There is also the potential for trickle-down effects for institutions across the country. David Fleming, the chair of the advisory committee to the CDC director, noted that much of the agency’s budget helps fund activities by state and local health departments, universities, and community-based organizations.
“Reducing the workforce at CDC in an indiscriminate way will affect the agency’s ability to fulfill their jobs of assuring those resources are being used wisely, and in partnering with state and local health departments and universities to make sure that both practice and research is doing what it needs to do to best protect this country,” Fleming said.
The Trump administration’s strategy of layoffs will also affect the future of biomedical research. This week, nearly 170 employees were fired from the National Science Foundation—some of whom had completed their probationary period—including program managers who help determine which research projects should receive federal grants. Scientists who receive funds from the NSF were already living in fear about the future of their research, worried that Trump’s orders targeting diversity, equity, and inclusion initiatives could result in their projects being flagged as out of alignment with the administration’s priorities.

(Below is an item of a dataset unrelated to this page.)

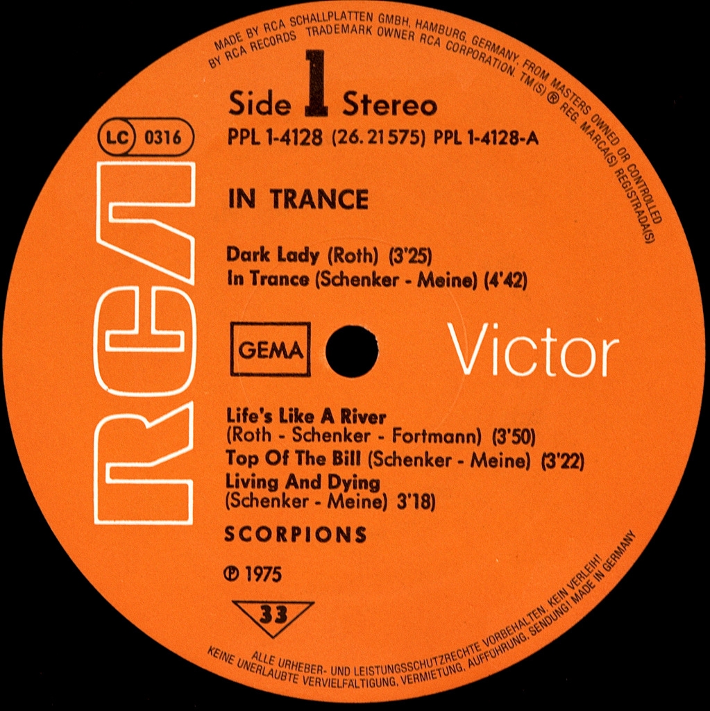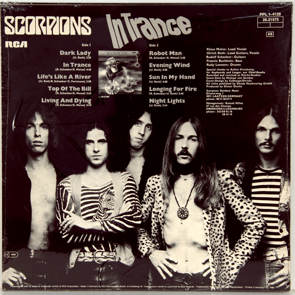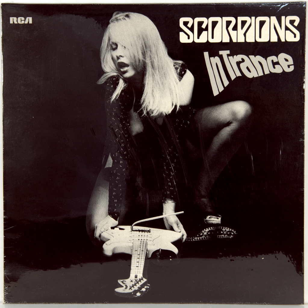 SCORPIONS-IN TRANCE-1975-ORIGINAL PRESS 1976 GERMANY-RCA PPL1-4128. Very rare early edition of the third cult album SCORPIONS. In Trance is the third Studio album . On this album the band developed their hard rock style, which are subsequently modified with the arrival of Matthias ABSA, "brand" — powerful ballads.. the album was attended by: Klaus meine — vocals; Ulrich Roth — guitar, vocals; Rudolf Schenker — guitar, vocals; Francis Buchholz — bass guitar; Rudy Lenners — drums. As a session musician was made by the keyboardist Achim Kirking. It was the first commercially successful album.It is noteworthy that on the cover of the album was submitted to new logo group, which with minor modifications remained in it until today. The original version of the album cover included a photo of the model with a slightly open chest. This led to criticism and accusations by the censors. The foreground was greatly lightened, and the background was radically black. In subsequent editions of the group foreground images had to darken, hiding the chest and the background lightened for contrast.

Although a plan to slash federal funding to research institutions by the NIH has been temporarily blocked in court, there is a pall hanging over the future of research.
“NIH is the source of dollars going out there of cutting edge advances in treatment and pharmaceuticals,” said Hearne. She credited the swift development of the Covid-19 vaccine during the first Trump administration to the research and work of the NIH.
“So if we have another event [like Covid-19], worries are, would we have another rapid response as we did?” Hearne said. “I’m worried [about] our ability to track those diseases, to have the investigators who catch it early and stop it, or who are investigating what’s causing it, or who are involved in how to treat it quickly, whether it’s vaccines or pharmaceuticals.”
The layoffs, and the uncertainty surrounding them, will also likely have far-reaching implications for would-be public health officials now discouraged from seeking a federal position. Moreover, as the bulk of the layoffs affected probationary employees—people who are typically early in their careers—it undercuts the efficacy of the future workforce, said Fleming.
“It makes no sense that if you’re looking to increase efficiency, that you would start with [firing] your newest, brightest talent, and people who have been promoted as a result of your confidence,” Fleming said.
He also noted that, demographically, many officials working in public health are older, and nearing retirement. “The nation really is in desperate need of young, bright, emerging leaders to fill the spaces in the mid and top leadership posts that are going to become open in the next few years,” Fleming continued.
The immediate-term impacts of the layoffs are compounded by uncertainty around the administration’s response to current problems. Even as a measles outbreak hit a community with relatively low vaccination rates in Texas, Kennedy said this week that a panel would evaluate the childhood vaccine schedule. The firings may further contribute to the unstable information landscape around health issues.
“We want families to have information about vaccines. Vaccines are the best defense against measles, and the measles vaccine is safe and effective,” said Jezek. “When we have either a smaller public health workforce or limitations in what that public health workforce is permitted to do and what they’re permitted to communicate, then that puts more families at risk for not having good, evidence-based information to make decisions.”